Actress Maya Karin; the Ambassador of Environment for the Ministry of Natural Resources & Environment of Malaysia stresses the followings on top of coexistence:
  1. Search for solutions for a sustainable future
  2. The need to set new standards and change our attitude
  3. Saving environment is saving ourselves
  4. Redirect development into sustainable ones
As Maya puts it beautifully..

Coexistence teaches us about mutual respect and makes us better people . (15th July 2008,Maya Karin)

And to learn how well SAS perform in terms of CSR, check out this full report.

Check out the full press release this page.

More about SAS.

Thomas Spiller

Thomas Spiller is Senior Director for International Programs at SAS. He joined the company early 2007 and, in his capacity, Thomas is in charge of driving the global public policy initiatives that SAS has launched, such as sustainability or e-Government. He is also in charge of representing SAS vis-à-vis international Institutions and national, regional and local governments throughout the world bringing with him fifteen years of experience of International Affairs both at the Corporate and Government levels.

He started his career in 1993 working two years in the communication and information department in the office of the French Prime Minister, Mr. Edouard Balladur.

Thomas then spent the next eight years as government affairs manager for AREVA, the world leader in nuclear power, with assignments in Paris, Washington, Tokyo and finally Brussels. He was notably in charge of economics, waste management, security and societal aspects of nuclear energy.

Building on his energy expertise, Thomas then worked for five years for GE (General Electric) at their European Headquarters in Brussels. As Counsel for European Affairs, he represented GE Energy, GE Oil and Gas as well as GE Aviation to the European Union where he was active in shaping policy that led to the current EU energy and environmental policies being discussed in Brussels.

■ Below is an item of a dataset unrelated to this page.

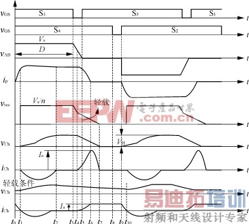 在半个工作周期内,变换器有8种开关模态。因为,电流环能够根据负载的变化而作相应的调整,所以,这些开关模态在负载较轻的情况下变化很小。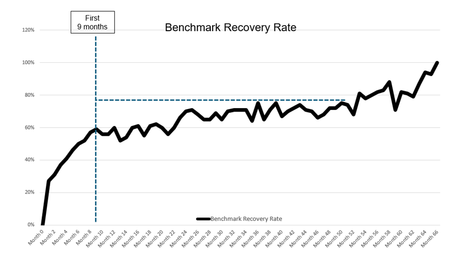 Averaging how long it took the 16 brands to recover, the chart below shows what the Benchmark Recovery Rate looks like over six years. What’s interesting is that if you haven’t achieved good recovery in the first 9 months, the next four years are a real slog.

Thomas Spiller is an active member of the American Chamber of Commerce to the European Union (AmCham EU) and is a frequent speaker in international business and policy circles with experience at the European Commission, European Parliament, World Economic Forum, International Maritime Organization, North Atlantic Treaty Organization, Transatlantic Policy Network, Center for European Policy Studies…

Thomas Spiller graduated a lawyer from La Sorbonne University Paris with degrees in Political Science, Defense and International Relations. In his personal time, Thomas Spiller enjoys scuba diving and collecting vintage watches.

Jimmy Cheah:

Jimmy is the Managing Director of SAS Institute Sdn Bhd since April 2003. He is responsible for driving the business development and growth of SAS Malaysia and he manages the entire sales, marketing and operational activities. During his three years with SAS, the company saw an increase in operating revenue by more than 60%, employee headcount by 60% and a 20% growth in customer portfolio.

Jimmy has a wealth of experience and expertise in a wide range of sectors. He has over 20 years experience in IT and has held executive positions with international ERP and Supply Chain software companies, including the “Big Four” consultancies in Malaysia. During his 10 years as a consultant, he has served organizations in Government, Manufacturing, Financial Institutions, Retail and Healthcare sectors in a variety of engagements including developing IT plans and financial and operations review.

He graduated from the University of New South Wales, Australia with a Bachelor of Science degree in Computer Science and Information Systems.